• **What to work on**: Give back an exact copy of the listing that follows, without the pictures.

-- Opening Marker --

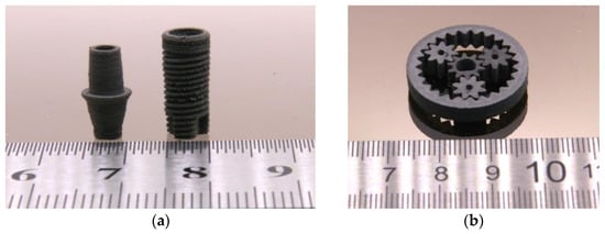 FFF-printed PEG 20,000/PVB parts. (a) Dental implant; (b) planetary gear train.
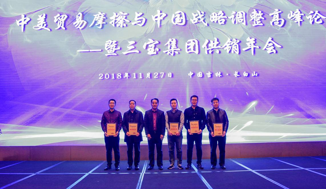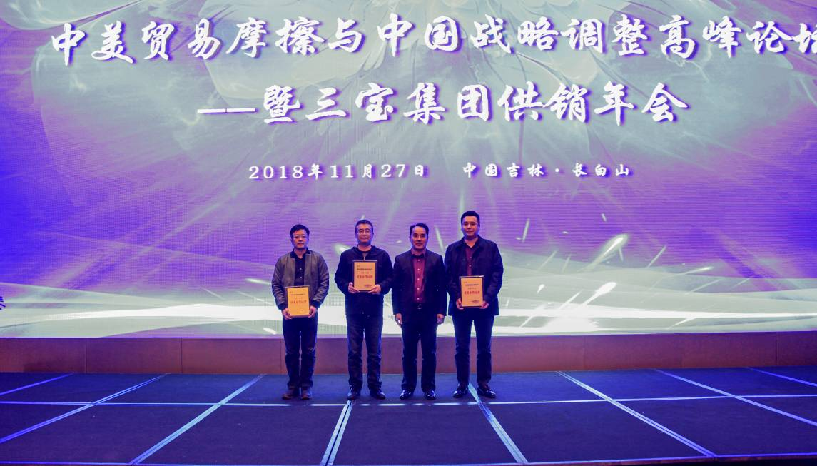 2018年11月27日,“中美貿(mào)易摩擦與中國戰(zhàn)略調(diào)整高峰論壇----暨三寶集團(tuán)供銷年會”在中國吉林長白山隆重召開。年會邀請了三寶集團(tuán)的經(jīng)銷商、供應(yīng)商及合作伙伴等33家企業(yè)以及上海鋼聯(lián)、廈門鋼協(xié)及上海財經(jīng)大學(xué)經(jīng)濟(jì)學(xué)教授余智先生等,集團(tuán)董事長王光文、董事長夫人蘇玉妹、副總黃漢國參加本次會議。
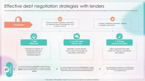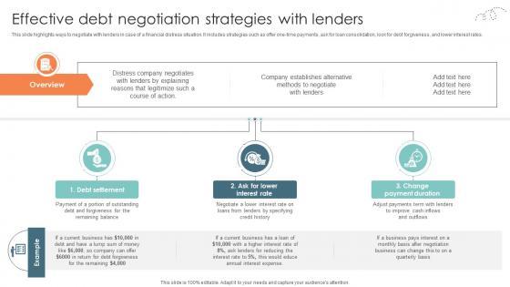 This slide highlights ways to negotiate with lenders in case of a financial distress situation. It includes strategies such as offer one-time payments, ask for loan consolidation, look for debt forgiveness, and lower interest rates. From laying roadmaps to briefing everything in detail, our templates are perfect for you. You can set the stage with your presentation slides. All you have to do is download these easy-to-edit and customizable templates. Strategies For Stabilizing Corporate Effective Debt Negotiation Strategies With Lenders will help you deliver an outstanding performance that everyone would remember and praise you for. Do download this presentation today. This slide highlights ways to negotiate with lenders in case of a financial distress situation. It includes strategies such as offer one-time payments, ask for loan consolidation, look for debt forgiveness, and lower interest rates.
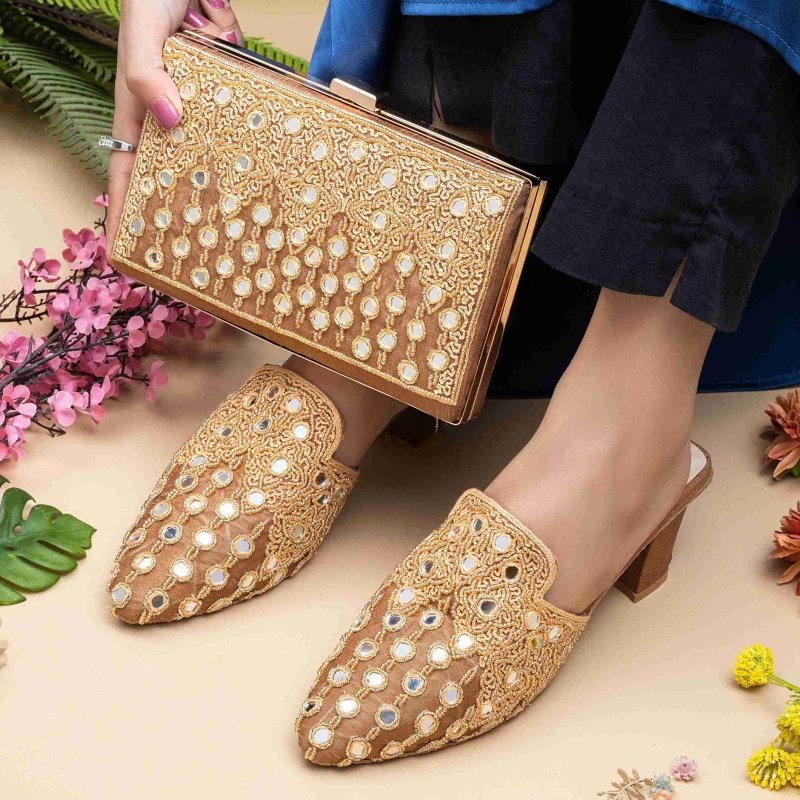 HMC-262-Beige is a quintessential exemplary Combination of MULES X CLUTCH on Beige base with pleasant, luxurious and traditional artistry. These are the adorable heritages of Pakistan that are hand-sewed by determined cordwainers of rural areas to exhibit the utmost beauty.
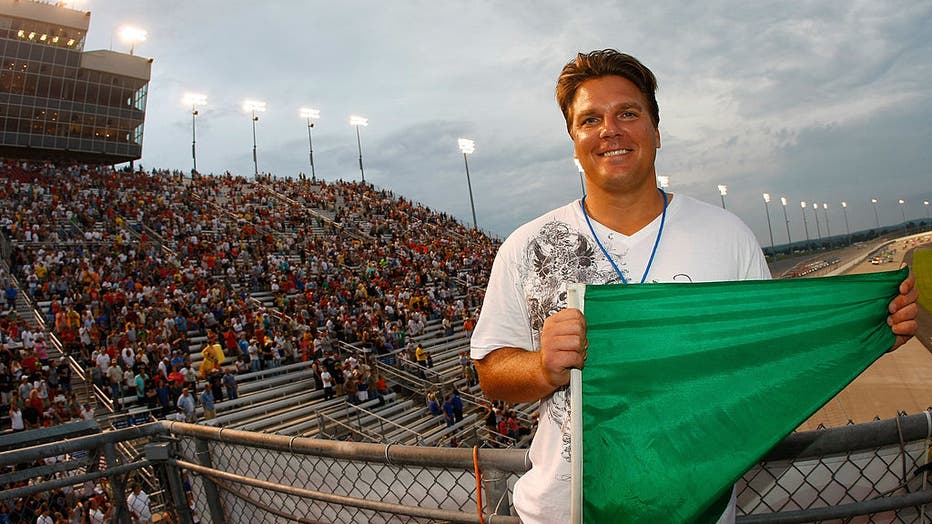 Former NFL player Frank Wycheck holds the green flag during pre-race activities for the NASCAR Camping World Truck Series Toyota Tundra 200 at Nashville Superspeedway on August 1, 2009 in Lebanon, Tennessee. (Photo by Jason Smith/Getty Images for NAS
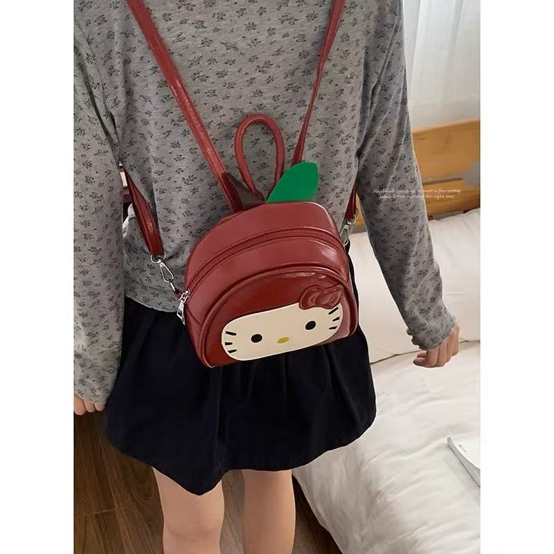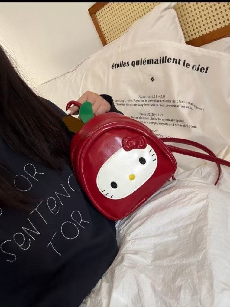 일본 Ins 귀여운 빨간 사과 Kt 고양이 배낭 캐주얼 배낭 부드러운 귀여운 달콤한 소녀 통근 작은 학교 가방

-- Closing Marker --

• **Result of this exercise**:
 FFF-printed PEG 20,000/PVB parts. (a) Dental implant; (b) planetary gear train.
 2018年11月27日,“中美貿(mào)易摩擦與中國戰(zhàn)略調(diào)整高峰論壇----暨三寶集團(tuán)供銷年會”在中國吉林長白山隆重召開。年會邀請了三寶集團(tuán)的經(jīng)銷商、供應(yīng)商及合作伙伴等33家企業(yè)以及上海鋼聯(lián)、廈門鋼協(xié)及上海財經(jīng)大學(xué)經(jīng)濟(jì)學(xué)教授余智先生等,集團(tuán)董事長王光文、董事長夫人蘇玉妹、副總黃漢國參加本次會議。
 This slide highlights ways to negotiate with lenders in case of a financial distress situation. It includes strategies such as offer one-time payments, ask for loan consolidation, look for debt forgiveness, and lower interest rates. From laying roadmaps to briefing everything in detail, our templates are perfect for you. You can set the stage with your presentation slides. All you have to do is download these easy-to-edit and customizable templates. Strategies For Stabilizing Corporate Effective Debt Negotiation Strategies With Lenders will help you deliver an outstanding performance that everyone would remember and praise you for. Do download this presentation today. This slide highlights ways to negotiate with lenders in case of a financial distress situation. It includes strategies such as offer one-time payments, ask for loan consolidation, look for debt forgiveness, and lower interest rates.
 HMC-262-Beige is a quintessential exemplary Combination of MULES X CLUTCH on Beige base with pleasant, luxurious and traditional artistry. These are the adorable heritages of Pakistan that are hand-sewed by determined cordwainers of rural areas to exhibit the utmost beauty.
 Former NFL player Frank Wycheck holds the green flag during pre-race activities for the NASCAR Camping World Truck Series Toyota Tundra 200 at Nashville Superspeedway on August 1, 2009 in Lebanon, Tennessee. (Photo by Jason Smith/Getty Images for NAS
 일본 Ins 귀여운 빨간 사과 Kt 고양이 배낭 캐주얼 배낭 부드러운 귀여운 달콤한 소녀 통근 작은 학교 가방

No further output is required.